Tag Archives: conversations

Girl Talk!! with Sherry Pringle of Healthy Happy Relationships! Today, Sherry has a few topics, and I will be in the hot seat, with some really tough questions.  Feel free to hop in, share your view; share your thoughts ..girltalk

Sherry: One of the main reasons I felt confident in my ability as a Relationship Coach, was because of all the times friends and family repeatedly came to me asking for relationship advice. Once I really focused on getting more knowledge in relationship support I was able to really help them more.

1. I’m wondering: If Kendall Berkely from your book, Just Beneath the Surface, came to you for relationship advice, what would you, as a mother/friend, say to her?

RH: That’s such a tough question — such a tough question. I am not a professional, and I don’t think I could handle a career like that. I wish I had the strength, but I don’t think that I do. But if asked, I would have to say, my advice would be: “Kendall, I’m here. What’s happening is breaking my heart. I know it has to be breaking yours. But you won’t find me judging you, telling you what to do, what not to do, or what I think. I just want you to know, I’m here for you, and when you say the word, we get you HELP, and we get you OUT of there.”

I’d feel like a criminal, standing by, practically watching it happen. Who knows, maybe I would be the type of person to anonymously call and report the man, and try to get the abuser arrested.

But as far as advice, sometimes, wanting the best for someone and giving them advice, can cause a serious strain on the friendship. Sometimes, it’s hard to know the difference between judgment and advice.

I’d like to think, that I would first ask myself a few questions. When I have been at my worst, was I venting to a friend, because I needed an ear? Was I speaking to a friend, sort of crying out for help?
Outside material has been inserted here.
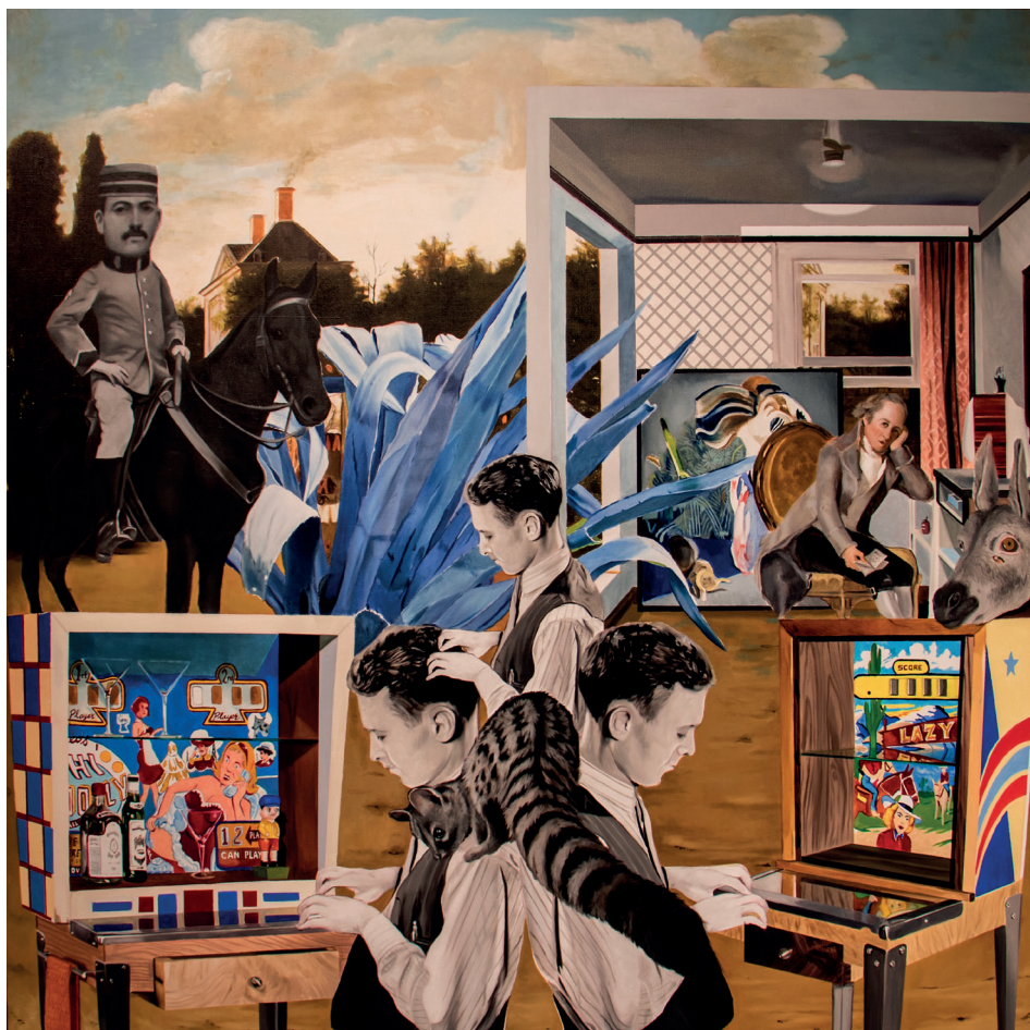
La habitación de Jovellanos / óleo sobre tela / 190 x 190 cms. / 2021

I say that to say, my answer would depend on “Kendall’s” need in that moment. I don’t believe someone in that type of situation is unaware of how dangerous her relationship is; more than likely, she is battling what she feels, what she wants to feel, what she knows, what’s been distorted.
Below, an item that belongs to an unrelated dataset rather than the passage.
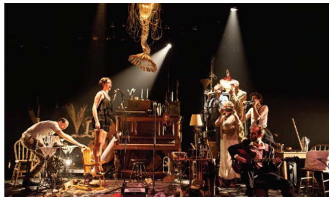
L'Orchestre d'Hommes-Orchestres, Kurt Weill : Cabaret brise-jour et autres manivelles , 2012.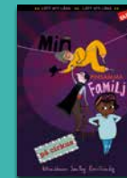
Min pinsamma familj på cirkus

Sherry: 2. In the real world, do you think that guys like Spencer can change and learn to control their abusive blow ups? Where can they go to get help?

RH: Wow! Even more difficult question. And I stress, *I am not a professional. This is just my opinion.*

He needs to be incarcerated, first and foremost. Jail, prison, plenty of time away from potential victims. (I think.)
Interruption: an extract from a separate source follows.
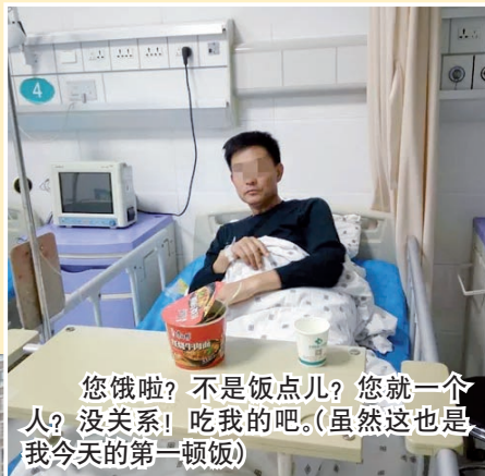
您饿啦? 不是饭点儿? 您就一个人? 没关系! 吃我的吧。(虽然这也是我今天的第一顿饭)

But as much as I despise a man who is anything like Spencer, I would stand at a distance and hope and PRAY he could take some serious time to reflect. And I mean time alone. I would hope that whatever has happened and caused him to become an abuser, would come to light, and he would get help. Serious help. Statistics are against people like Spencer, but I would never say “never”.

Again, I’m no professional, but I believe they need to seek help as well as be prepared for the consequences of their actions.

Sherry: 3. As an author and more, how do you stay focused and confident enough to complete each novel?How much time do you spend working on that novel weekly?

Focus comes to me naturally, but only when it comes to writing. I say it a lot, but I repeat it because it’s true: I work on several projects at once. Short stories, novels, guest posts, anything that can keep creativity flowing. My attention span is not so great in real life, so the only time I am “focused” is when I am writing.

Confidence? That’s nearly a foreign concept to me. I write a lot about self-esteem and confidence and believing in ourselves, because  in my heart, I believe in the possibility that if it is God’s will, I will touch someone’s life through writing. I want everyone around me to know how talented and what a gift they are to the world .. but me — my thoughts? Sherry, you’ve seen first-hand what I say about myself. I’m definitely a work in progress.

How much time do I spend working on novels? I jot things down all throughout the day. I go to bed working on excerpts that I have emailed myself. And if I am not working on a novel, I am working on short stories and guest posts or networking and *sigh* promoting. I suppose just about all day, every day.

… And that concludes our chat, for today. Thanks so much Sherry 🙂

Any discussions ideas? Free free to leave them in comments!

Bookworm’s Nook:

An Avid Reader’s Perspective

Hello and welcome, OOSA BookClub!

Would you like to share a bit about yourselves?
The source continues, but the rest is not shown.